About this task :: Copy out each line below containing "with".

Material provided ::
■ ■ ■
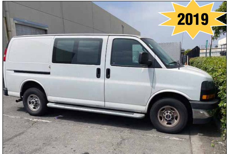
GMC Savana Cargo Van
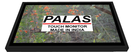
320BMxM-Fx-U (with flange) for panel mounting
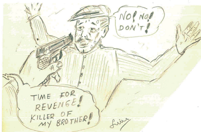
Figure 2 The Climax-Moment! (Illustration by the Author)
■ ■ ■
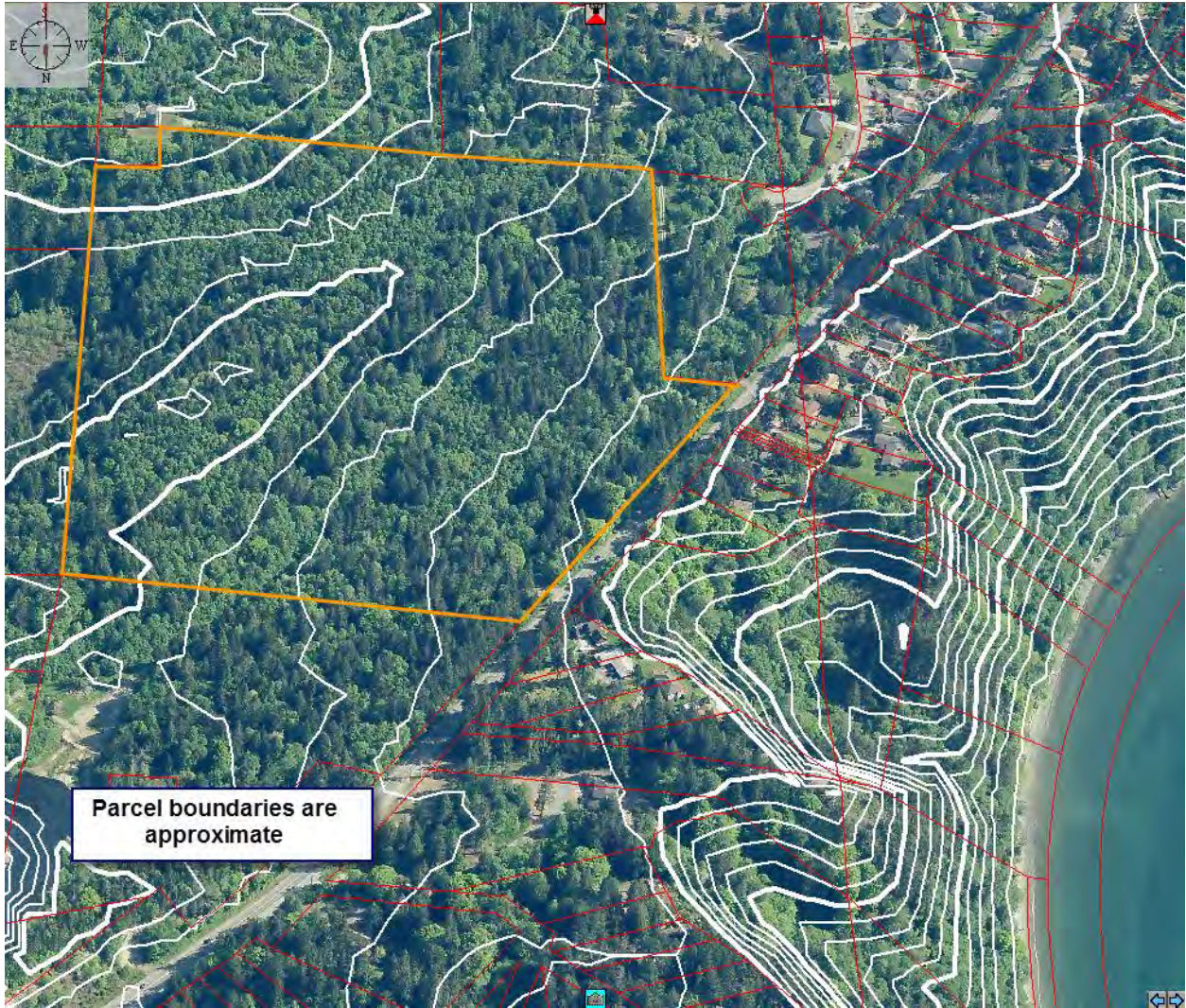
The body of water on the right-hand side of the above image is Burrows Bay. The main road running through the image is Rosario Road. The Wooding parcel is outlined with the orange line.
■ ■ ■
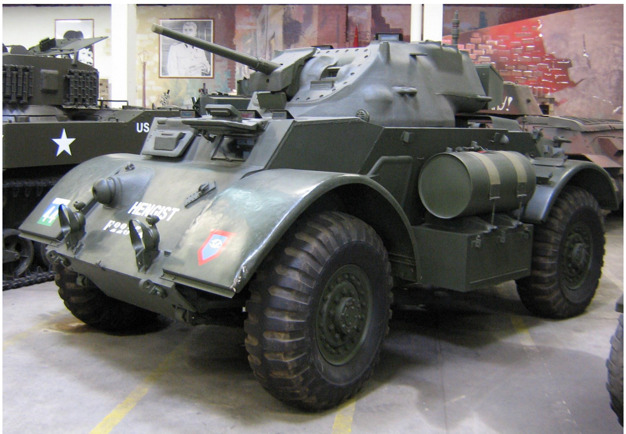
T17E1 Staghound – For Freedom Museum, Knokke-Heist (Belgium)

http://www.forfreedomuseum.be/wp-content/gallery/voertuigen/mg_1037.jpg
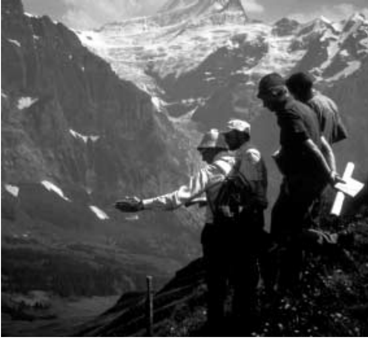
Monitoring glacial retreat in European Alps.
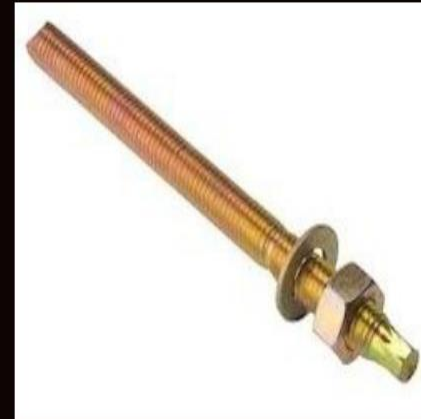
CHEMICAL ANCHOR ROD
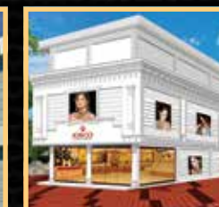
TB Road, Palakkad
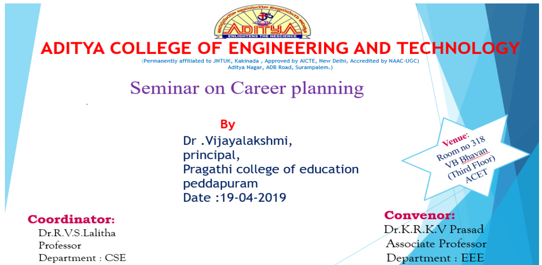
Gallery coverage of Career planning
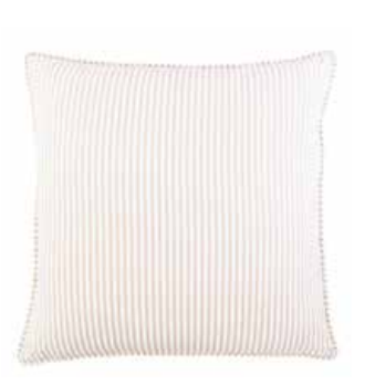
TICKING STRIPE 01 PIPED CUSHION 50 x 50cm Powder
■ ■ ■
Task response ::
320BMxM-Fx-U (with flange) for panel mounting
The body of water on the right-hand side of the above image is Burrows Bay. The main road running through the image is Rosario Road. The Wooding parcel is outlined with the orange line.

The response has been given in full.